Different Sampling Methods: What’s the Difference: Overview
You’ll come across many terms in statistics that define different sampling methods: simple random sampling, systematic sampling, stratified samples and cluster samples. You can find a run down on the different types of sampling techniques here. It can be overwhelming to learn all these new terms and to try and remember what each one of the different sampling methods means. Luckily, their names give away their meaning and (unlike many things in statistics!), it’s a straightforward process to figure out what kind of sample you have.
Different Sampling Methods: What’s the Difference: Steps
Step 1: Find out if the study sampled from individuals (for example, picked from a pool of people).
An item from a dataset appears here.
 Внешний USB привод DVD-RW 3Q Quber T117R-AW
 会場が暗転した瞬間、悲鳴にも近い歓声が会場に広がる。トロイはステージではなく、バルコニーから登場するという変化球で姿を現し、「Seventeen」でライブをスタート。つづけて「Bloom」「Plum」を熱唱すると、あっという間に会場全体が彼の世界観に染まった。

You’ll find random sampling in a school lottery, where individual names are picked out of a hat. But a more “systematic” way of choosing people can be found in “systematic sampling,” where every nth individual is chosen from a population. For example, every 100th customer at a certain store might receive a “doorbuster” gift.
Step 2: Find out if the study picked groups of participants. For large numbers of people (like the number of potential draftees in the Vietnam war), it’s much simpler to pick people by groups (simple random sampling). In the case of the draft, draftees were chosen by birth date, “simplifying” the procedure.
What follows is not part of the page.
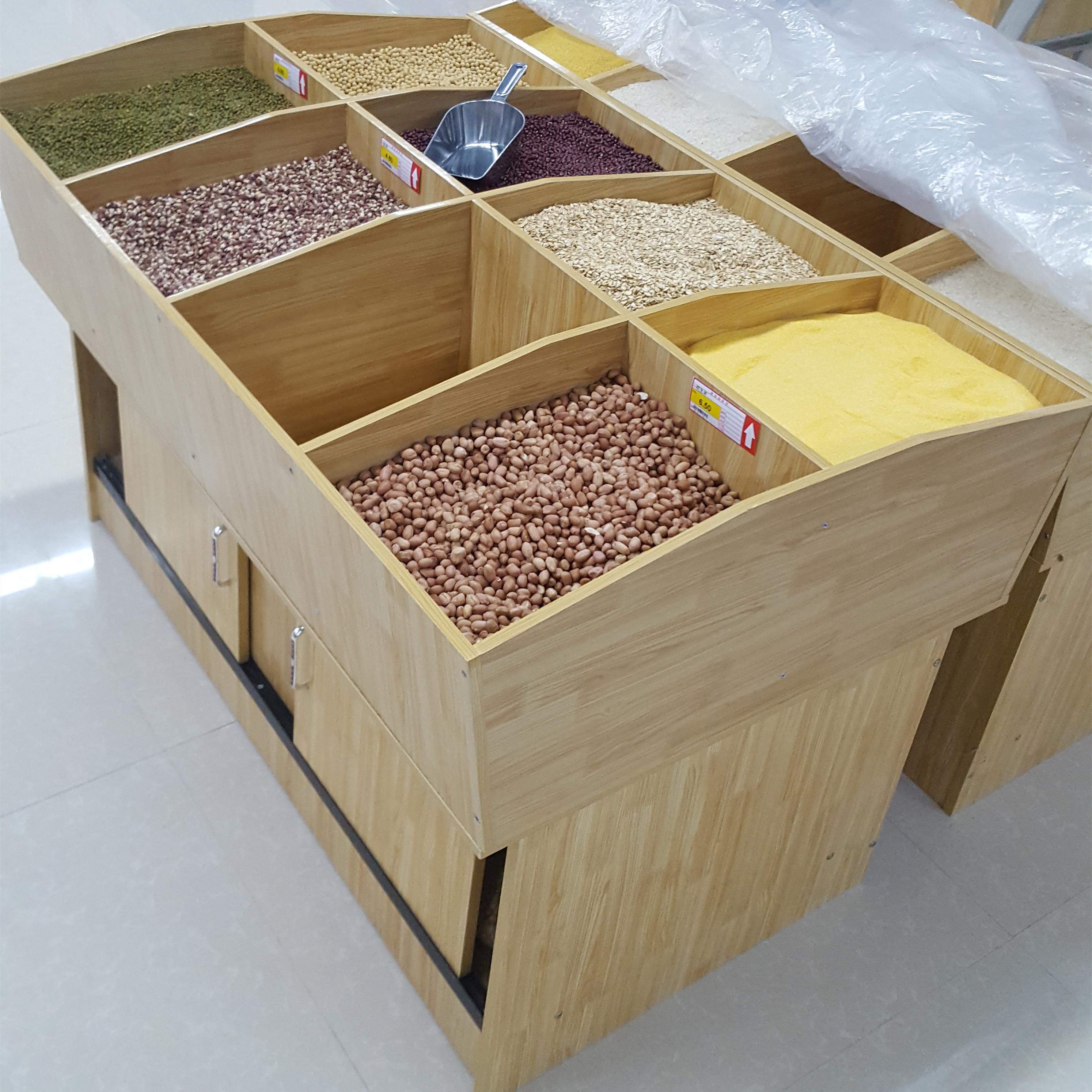 Five cereals Cereals Dried Fruits Display Cabinet Supermarket Wooden Shelf Rice Grain Bucket Rice Hopper Snack Food Shelf Bulk Cabinet-Taobao

Step 3: Determine if your study contained data from more than one carefully defined group (“strata” or “cluster”). Some examples of strata could be: Democrats and Republics, Renters and Homeowners, Country Folk vs. City Dwellers, Jacksonville Jaguars fans and San Francisco 49ers fans. If there are two very distinct, clear groups, you have a stratified sample or a “cluster sample.” If you have data about the individuals in the groups, that’s a stratified sample. In order to perform stratified sampling on this sample, you could perform random sampling of each strata independently. If you only have data about the groups themselves (you may only know the location of the individuals), then that’s a cluster sample.
Step 4: Find out if the sample was easy to get. Convenience samples are like convenience stores: why go out of your way to get samples, when you can nip out to the corner store? A classic example of convenience sampling is standing at a shopping mall, asking passers by for their opinion.